Even if he brings the kind of competitiveness that Jordan brought and Iverson and Bryant bring to every game, he'll have to find a way to make Cleveland a lot better than they are now if he is to win a few championships. Otherwise, the valid comparison for him will be Oscar Robertson, not MJ.

Cleveland is a team that is not going to get much better in the future. Ilgauskas and Marshall are starting the downside of their careers. They may not be able to keep Gooden. So I think they are probably already near their peak as a team. They may improve a bit over the next two years, but its going to be very tough to go to the next level. It takes a lot of luck to get better with low draft choices and MLE FAs.


----------



## RoRo (Aug 21, 2002)

pip also said bulls in 6 :curse:


----------



## Sir Patchwork (Jan 12, 2005)

*Re: Scottie Pippen calls: "Lebron James WILL BE, in my eyes, better than Michael Jord*



McBulls said:


> Otherwise, the valid comparison for him will be Oscar Robertson, not MJ.

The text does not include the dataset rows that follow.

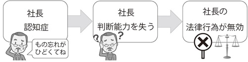 判断能力がない者(「意思無能力者」といいます)の法律行為は「無効」となります。したがって、認知症が進み、判断能力を失った社長の法律行為は、はじめから当然に効力がないものとして扱われます。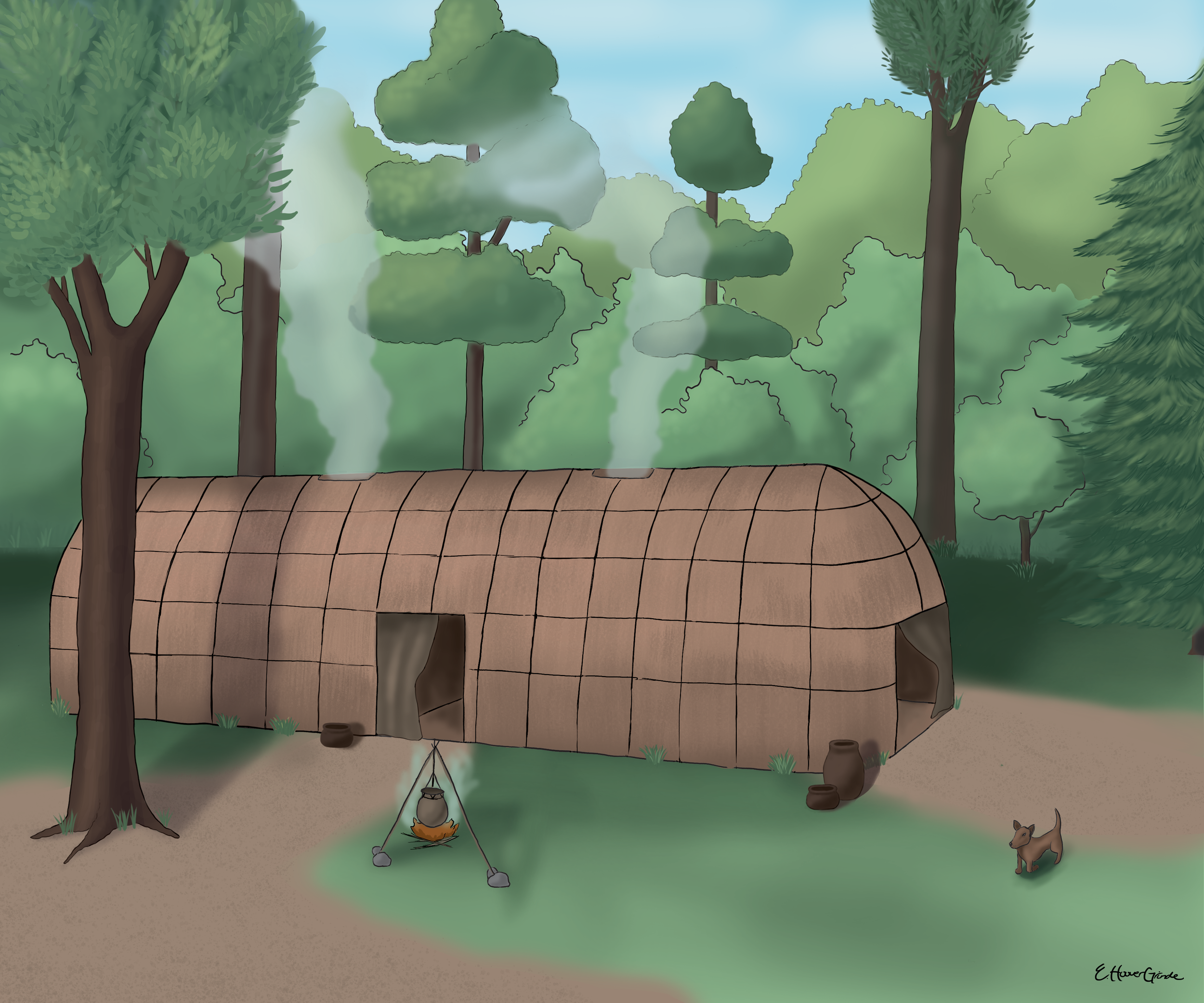 An illustration of a permanent structure like the one excavated at the Rainbow site in Plymouth County.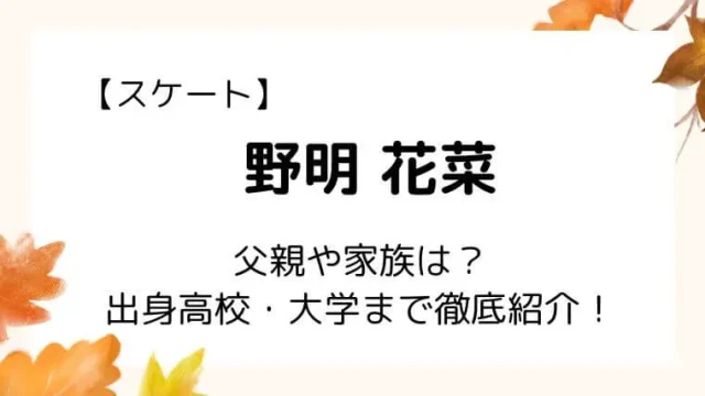 野明花菜の父親や家族は?出身高校・大学まで徹底紹介!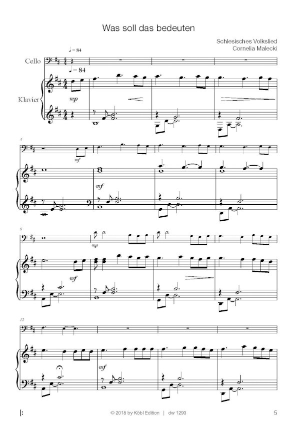 Die romantisch klingenden Stücke mit ihren variierten und erweiterten Rhythmen sind mittelschwer für Cello und Klavier.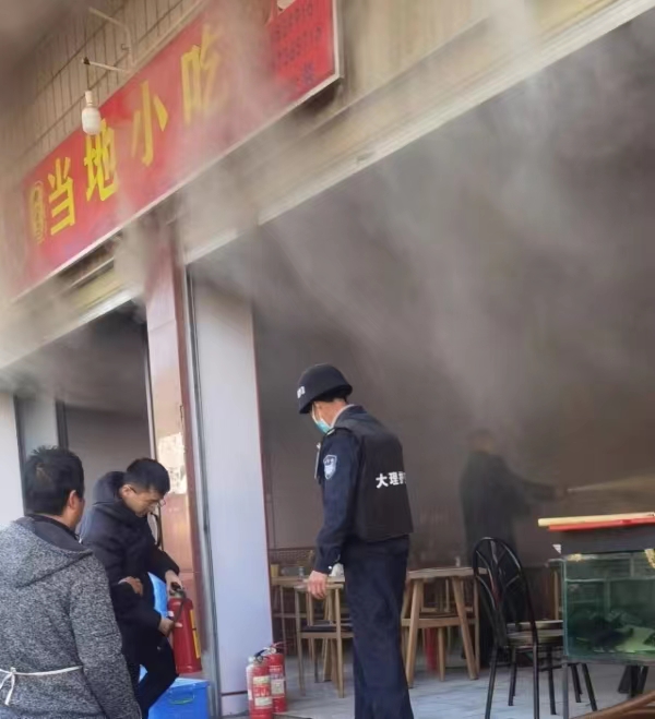 2024年1月31日上午9:30,分理处对面的当地小吃浓烟滚滚,火光四射。据餐馆老板张现伟介绍,油烟灶上的油锅因温度过高引发火灾,由于火势较大难以近身关闭阀门, 烈火伴着浓烟顷刻间翻滚而出,整条街上都弥漫着呛鼻的浓烟味,现场烟雾浓度较高,加之油锅起火无法直接用水浇灭,赶来救援的人员一时手足无措,乱成一团。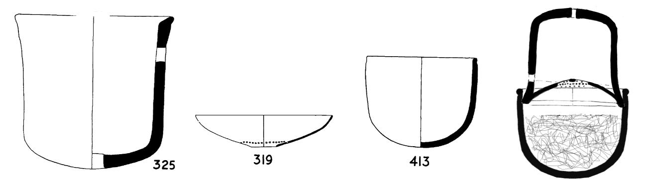 In our review of the published material, we also found a second device composed of three pieces (from levels XII-XIA) which present matching dimensions and diameters. These pieces correspond to the Middle Chalcolithic period, i.e. the oldest phase of the site. The device consists of a deep bowl (n°413 h. 25.2 cm, dm. 30.8 cm; Tobler 1950: p. 240, Pl. CXLVII, rough brown ware: G5: level XI, 7M) which has the correct dimensions to contain strainer basin n°319 (h. 7,5 cm, dm 24,2 cm; Tobler 1950: p. 238) and the bell-shaped pot n. 325 (h. 22 cm, dm 22.8 cm; Tobler 1950: p. 238) with two holes of which one is situated in the bottom and the other on the side under the rim (See Figure 3).
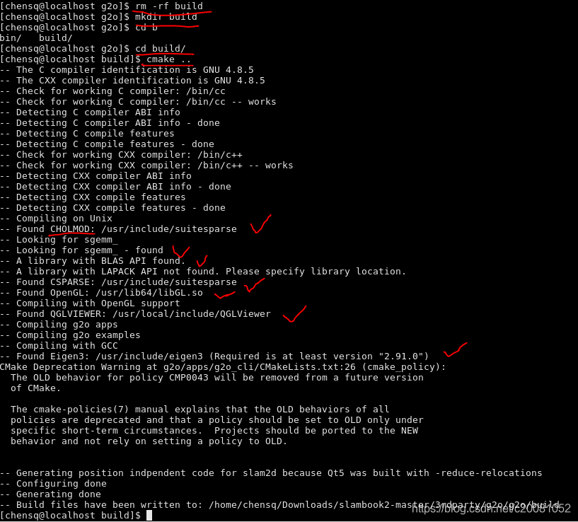 我这里暂且不管LAPACK,然后重新编译g2o: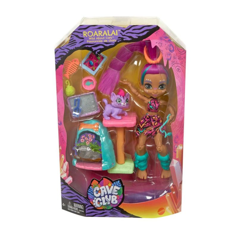 Découvrez le Club des Cavernes, un groupe d’enfants de la Préhistoire à la personnalité décoiffante et très en avance sur leur temps! Avec les poupées et coffrets Club des Cavernes, les enfants peuvent explorer tout un monde d’aventures extraordinaires avec leurs personnages préhistoriques préférés, comme Emberly et Roaralai. Chaque coffret Club des Cavernes inclut une poupée au look sauvage, un animal de compagnie préhistorique et des accessoires thématiques. Vous pouvez aider Roaralai à s’occuper de son bébé tigre à dents de sabre ou aider Emberly à préparer le tout premier barbecue de l’histoire. Avec les poupées et coffrets Club des Cavernes, les enfants peuvent voyager au temps de la Préhistoire pour explorer tout un monde d’aventures! Les enfants à partir de 4ans peuvent imaginer la vie de leur enfant des cavernes préféré ou collectionner tout le groupe pour des histoires encore plus riches. Articles vendus séparément. Certains produits peuvent ne pas être commercialisés. Les couleurs et les décorations peuvent varier.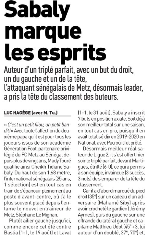 Re: L’Équipe du 25/09 : Sabaly marque les esprits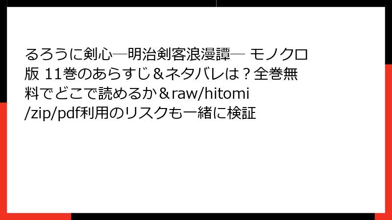 るろうに剣心―明治剣客浪漫譚― モノクロ版 11巻のあらすじ&ネタバレは?全巻無料でどこで読めるか&raw/hitomi/zip/pdf利用のリスクも一緒に検証
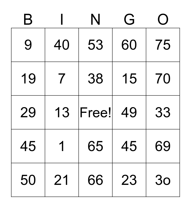 This bingo card has a free space and 24 words: 1, 21, 38, 50, 75, 9, 19, 40, 49, 65, 15, 29, 45, 69, 7, 23, 33, 53, 70, 13, 3o, 45, 60 and 66.

Just what I was going to say. 

What makes Jordan Jordan is the titles. People reference his understanding of the game, will to win, defense and so on. Then they use the titles as evidence of him being so advanced in those aspects. Jordan has a lot of fans believing that he simply wouldn't let a team led by him lose a playoff series. It just wouldn't happen. 

The stats and awards just add to the legacy, but there have been atleast a few players with a serious case for being better than Jordan, but Jordan has the legacy that is rooted in the rings. Not many players have the combination. It's the same legacy and sparkle that has Bird and Magic in a lot of people's top five over players like Kareem Abdul-Jabbar and Shaquille O'Neal. 

Let's face it. Most people make their top 5 of all-time lists based on legacy and sparkle, which is aided by rings and heroics. There is no way Magic or Bird are better players than dominant big men like Kareem and Shaq. 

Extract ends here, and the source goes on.